The beta amyloid peptide (Abeta) forms deposits in the brains of Alzheimer's disease patients and is believed to be central to the pathology of this disease. We have generated transgenic C. elegans animals expressing relatively high levels of human Abeta in hopes of modeling some aspects of this disease. Animals with muscle-specific expression of Abeta have amyloid deposits and show a distinctive, temperature-dependent progressive paralysis. Our recent studies suggest that this phenotype is a result of specific Abeta toxicity, and not due to non-specific effects of foreign protein expression or toxic properties of the transgenic array itself (e.g., titration of muscle-specific transcription factors). Specifically, we find that transgenic lines expressing equivalent or higher levels of the putative non-toxic met35cys or single chain dimer Abeta variants do not show the progressive paralysis. In addition, RNA inhibition of transgenic (wild-type) Abeta expression also completely blocks the paralysis phenotype. We have therefore undertaken initial screens to identify mutations that block Abeta toxicity, in order to identify genes involved in this process. From our initial small-scale screens, we have identified four mutations that significantly reduce the paralysis phenotype in transgenic animals. One extragenic mutant, dv54 , dramatically reduces transgene expression, and though intriguing, is presumably not relevant to Abeta toxicity. However, the other three mutants, dv53,55 , and 56 , express Abeta at parental levels and have amyloid deposits, yet still show suppression of the paralysis phenotype. These mutants are being further characterized. In collaboration with Stuart Kim, we are complementing this genetic analysis by examining gene expression profiles in amyloid and control animals using microarray hybridization.
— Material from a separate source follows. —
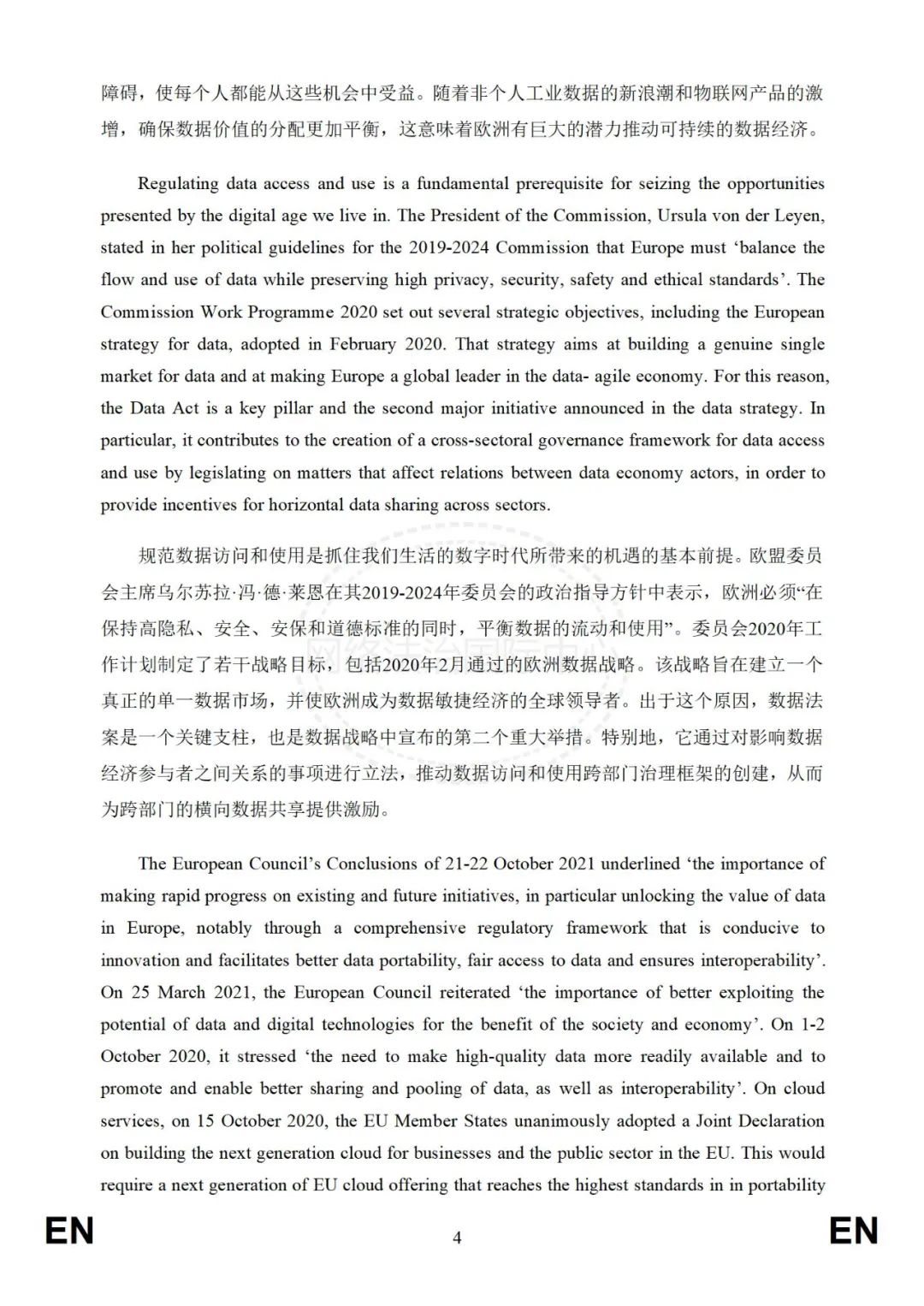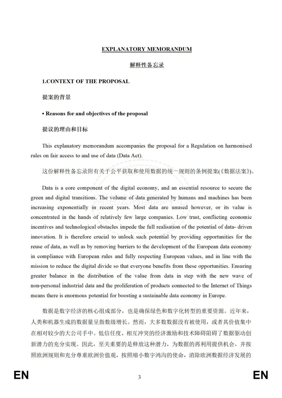 这份解释性备忘录附有关于公平获取和使用数据的统一规则的条例提案(《数据法案》)。

Link CD et al. (1985) International C. elegans Meeting "looking for transposons in P redivivus."

Graf-Whitsel J, Wood WB, Link CD

[International C. elegans Meeting, 1985]

Link CD et al. (1987) International C. elegans Meeting "approaches to studying male tail morphogenesis."

Wood WB, Link CD

[International C. elegans Meeting, 1987]

Link CD et al. (1991) International C. elegans Meeting "Analysis of Pleiotropic Lectin-binding Mutants."

Silverman MA, Enyeart M, Breen M, Watt KE, Link CD

[International C. elegans Meeting, 1991]

We have identified mutations in three genes (srf-4, srf-8, and srf-9) that result in an unusual suite of pleiotropic defects: these mutants all ectopically bind lectins, are Unc, Mab, and progressive Egl, have SDSsensitive dauers and abnormal distal tip cell migration, and show strong enhancement of dominant I i n - 12 alleles . This motley spectrum of phenotypes cannot easily be explained solely as the result of a cuticle defect. We hypothesize that these mutants have an underlying hypodermal defect that affects the secretion of both the cuticle and the basal lamina (or other extracellular proteins). Because mutants in these three genes have such similar complex phenotypes, we believe these genes are involved in the same biological process, perhaps in different steps of the same pathway. One interesting posibility is that these mutants have an underlying defect in protein glycosylation. Consistent with this idea, these mutants have an altered pattern of cuticle glycoproteins on SDS gels. In an alternative approach, we have attempted to directly identify glycosylation mutants by isolating non-lectin-binding revertants of ( non-pleiotropic) srf mutants.